Start of Available data
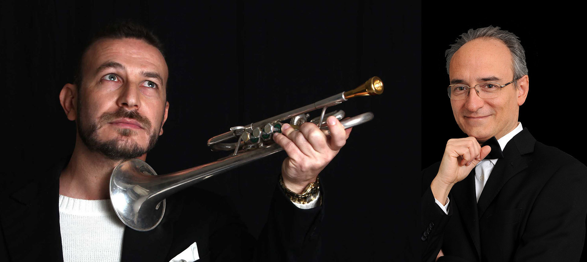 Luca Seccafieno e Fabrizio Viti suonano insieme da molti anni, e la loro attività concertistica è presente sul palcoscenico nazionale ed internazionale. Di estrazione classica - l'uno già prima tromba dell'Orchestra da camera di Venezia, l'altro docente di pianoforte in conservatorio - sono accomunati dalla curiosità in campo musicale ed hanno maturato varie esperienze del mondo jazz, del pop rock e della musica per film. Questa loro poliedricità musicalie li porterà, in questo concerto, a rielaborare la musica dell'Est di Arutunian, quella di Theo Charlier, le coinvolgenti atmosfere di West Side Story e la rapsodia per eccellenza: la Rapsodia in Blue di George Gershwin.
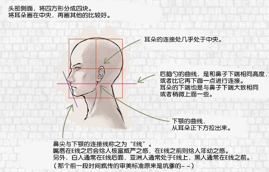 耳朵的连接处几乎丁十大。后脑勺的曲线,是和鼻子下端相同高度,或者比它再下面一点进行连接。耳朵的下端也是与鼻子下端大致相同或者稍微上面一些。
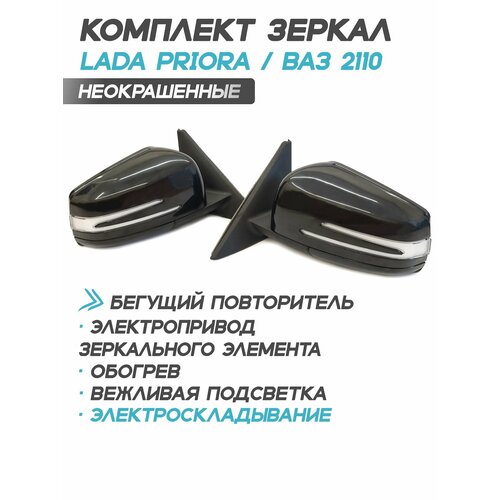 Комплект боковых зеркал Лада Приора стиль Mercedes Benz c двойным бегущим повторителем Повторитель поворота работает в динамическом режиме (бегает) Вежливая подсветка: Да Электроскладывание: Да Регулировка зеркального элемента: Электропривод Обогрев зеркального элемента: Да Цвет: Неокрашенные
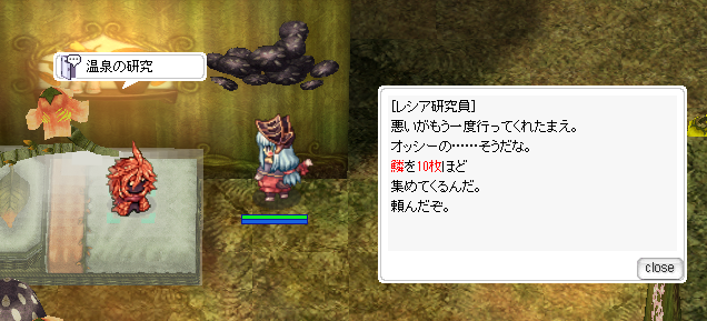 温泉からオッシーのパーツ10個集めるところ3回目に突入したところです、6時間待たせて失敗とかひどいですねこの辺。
End of Available data
### [Description of the task]
What belongs in the answer is each line above, reproduced exactly, and no picture.

### [Response to this task]
 Luca Seccafieno e Fabrizio Viti suonano insieme da molti anni, e la loro attività concertistica è presente sul palcoscenico nazionale ed internazionale. Di estrazione classica - l'uno già prima tromba dell'Orchestra da camera di Venezia, l'altro docente di pianoforte in conservatorio - sono accomunati dalla curiosità in campo musicale ed hanno maturato varie esperienze del mondo jazz, del pop rock e della musica per film. Questa loro poliedricità musicalie li porterà, in questo concerto, a rielaborare la musica dell'Est di Arutunian, quella di Theo Charlier, le coinvolgenti atmosfere di West Side Story e la rapsodia per eccellenza: la Rapsodia in Blue di George Gershwin.
 耳朵的连接处几乎丁十大。后脑勺的曲线,是和鼻子下端相同高度,或者比它再下面一点进行连接。耳朵的下端也是与鼻子下端大致相同或者稍微上面一些。
 Комплект боковых зеркал Лада Приора стиль Mercedes Benz c двойным бегущим повторителем Повторитель поворота работает в динамическом режиме (бегает) Вежливая подсветка: Да Электроскладывание: Да Регулировка зеркального элемента: Электропривод Обогрев зеркального элемента: Да Цвет: Неокрашенные
 温泉からオッシーのパーツ10個集めるところ3回目に突入したところです、6時間待たせて失敗とかひどいですねこの辺。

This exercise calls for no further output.